### Supplied material
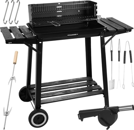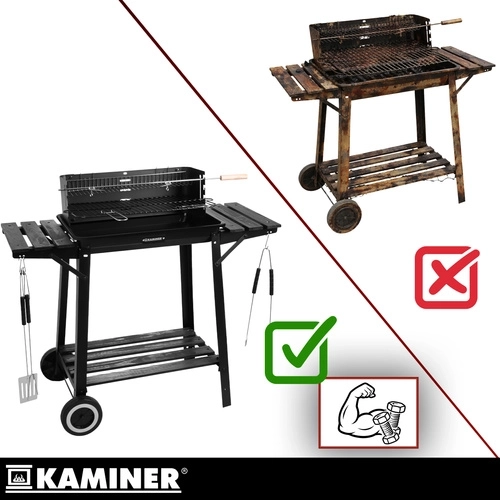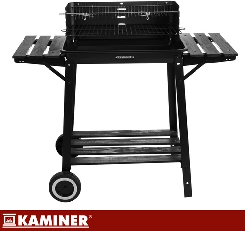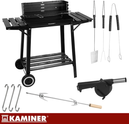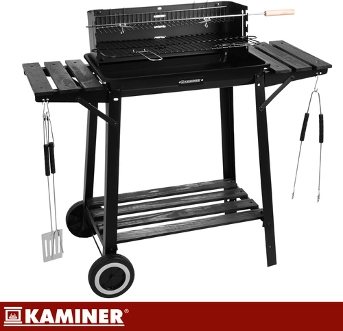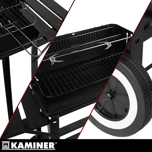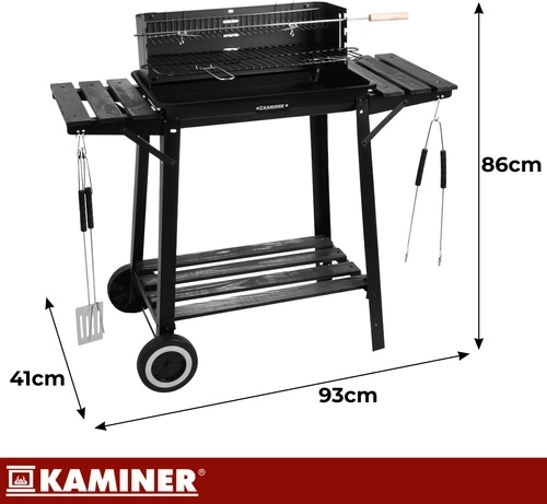 Le barbecue de jardin KAMINER, stable et portable, propose une grille principale chromée, une grille supérieure de maintien au chaud et une broche avec fourche pour une cuisson uniforme. Grâce aux étagères de rangement, aux crochets pour ustensiles et aux roues pour un déplacement facile, profitez d’un gril pratique et d’un nettoyage rapide.
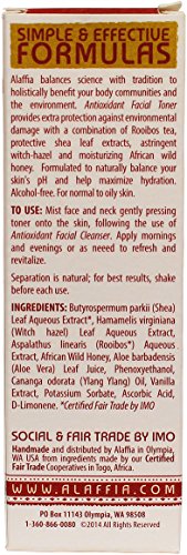 This balancing toner provides extra protection against environmental damage with a combination of antioxidant rich Rooibos tea, protective shea leaf extracts, astringent witch-hazel and moisturizing African wild honey. Formulated to naturally balance your skin's pH and help maximize hydration. Alcohol-free. Suitable for all skin types, but specifically recommended for normal, combination and oily skin. Equality-Empowerment-Beauty. These are the three principles that Alaffia follows to not only bring customers the best natural, fair trade skin and hair care, but also to help relieve the cycle of poverty in Togo. Alaffia empowers West African communities to become sustainable through the fair trade of indigenous resources. We encourage empowerment through our community projects, our women's cooperatives, and through education and involvement in our local customer communities. We firmly believe that the cooperation of people across the world is an essential part of building sustainability in all communities.Feature
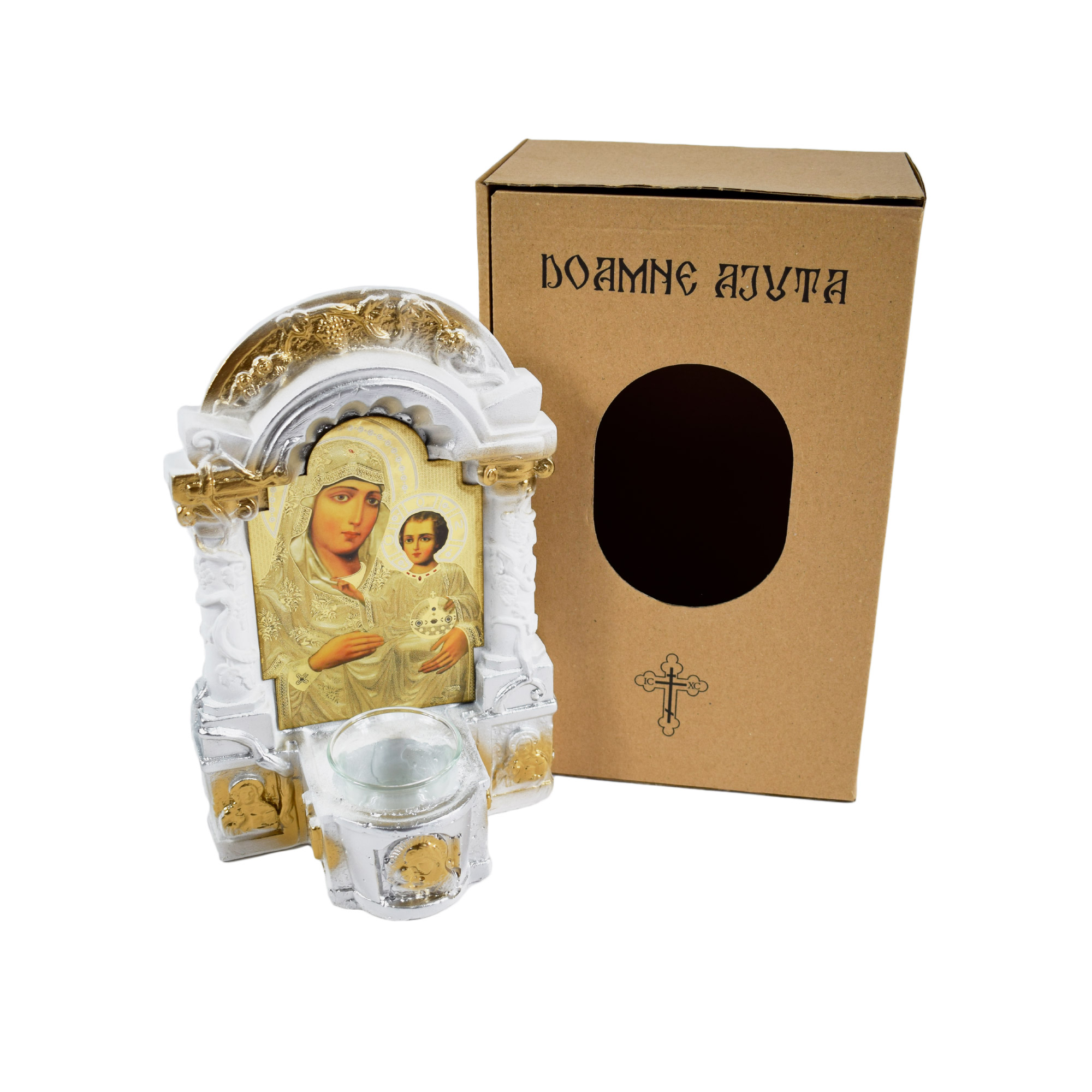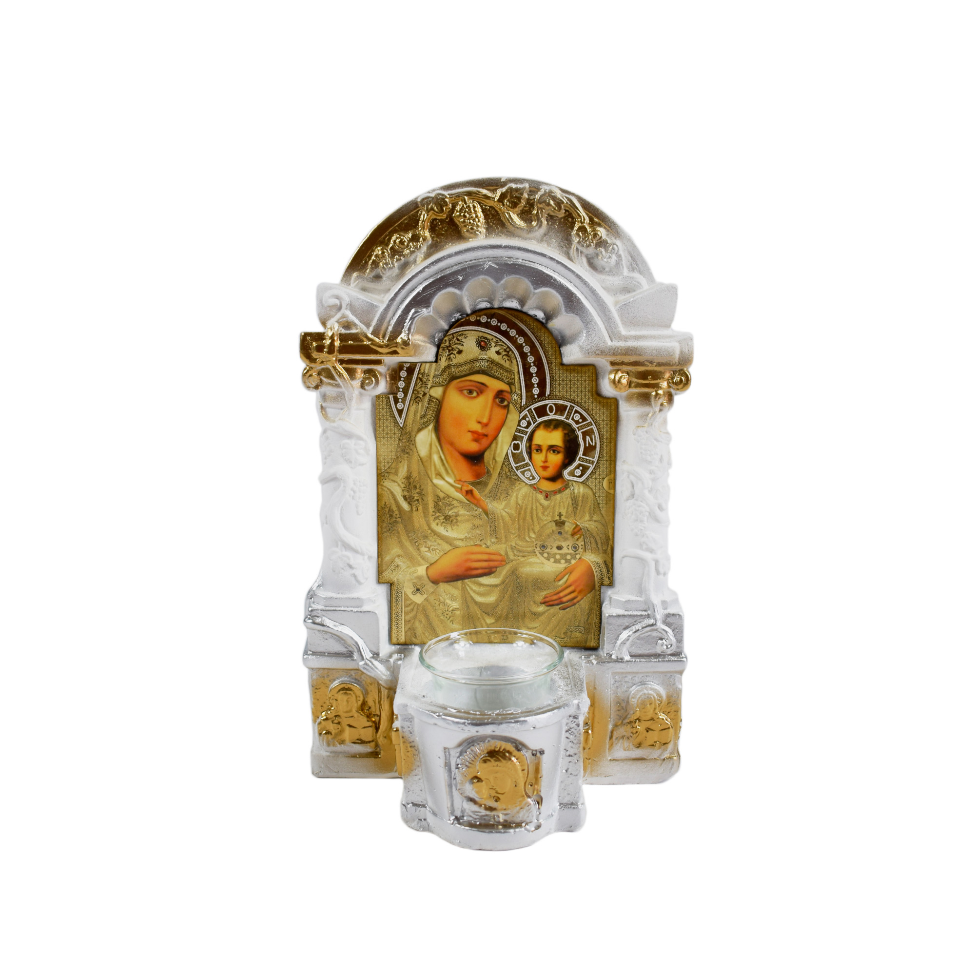 Candelă din ipsos cu Icoană, oval, alb / TOF-1936

### Your assignment
What is needed here is an exact transcript of the data above, pictures excluded.

### Response
 Le barbecue de jardin KAMINER, stable et portable, propose une grille principale chromée, une grille supérieure de maintien au chaud et une broche avec fourche pour une cuisson uniforme. Grâce aux étagères de rangement, aux crochets pour ustensiles et aux roues pour un déplacement facile, profitez d’un gril pratique et d’un nettoyage rapide.
 This balancing toner provides extra protection against environmental damage with a combination of antioxidant rich Rooibos tea, protective shea leaf extracts, astringent witch-hazel and moisturizing African wild honey. Formulated to naturally balance your skin's pH and help maximize hydration. Alcohol-free. Suitable for all skin types, but specifically recommended for normal, combination and oily skin. Equality-Empowerment-Beauty. These are the three principles that Alaffia follows to not only bring customers the best natural, fair trade skin and hair care, but also to help relieve the cycle of poverty in Togo. Alaffia empowers West African communities to become sustainable through the fair trade of indigenous resources. We encourage empowerment through our community projects, our women's cooperatives, and through education and involvement in our local customer communities. We firmly believe that the cooperation of people across the world is an essential part of building sustainability in all communities.Feature
 Candelă din ipsos cu Icoană, oval, alb / TOF-1936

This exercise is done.